Sunday, June 25, 2006

prognosis: negative

It's worse then I thought.
Maybe it's just because I don't want to write my paper, and so my mind keeps trailing off to anything tangible that's *not* my paper, but for the first time in FOREVER, I actually really want this guy to do what he said he would.
And that is to call me.
I think that if he was to call me right now, I'd hit the ceiling with excitement and bubbly happiness. How wretched is that?
And if he doesn't call? Well it'll just be more ammo for the cynical battle I'm waging against the dark and forboding world, not to mention that it'll add pounds to the non-destructible protective shield I'm working on building around myself so that no one can disappoint me ever again.

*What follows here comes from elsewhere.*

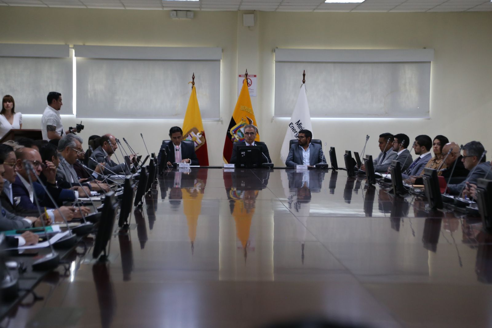 En un acto desarrollado hoy, en Quito, en la Sala de Crisis del Servicio Integrado de Seguridad ECU 911, el ministro de Energía y Minas, Antonio Goncalves; junto al viceministro de Electricidad y Energías Renovables, Rafael Quintero; y al Gerente General de CELEC EP, Fabián Calero, mantuvieron un conversatorio con representantes de empresas interesadas en participar en los nuevos procesos, en el cual se socializaron los detalles técnicos y absolvieron inquietudes.

The Chinese have it right: Confucius says: Everything in moderation. They don't get ecstatic when random boys phone them after they said they would, and they don't break down and cry when things don't go their way for a while. Balance. Harmony. Good follows bad, and for the Chinese, that's just the way life is. Accept it.
But no, not us Westerners.
All I can think about is how amazingly cute he is when he smiles, how pretty his eyes are, and what a dolt I was the WHOLE NIGHT. Why on earth did I attempt to tell a joke?
I really really really really really hope he calls.
I'd pray to Baby Jesus, but that seems almost as futile as me trying to write my paper right about now.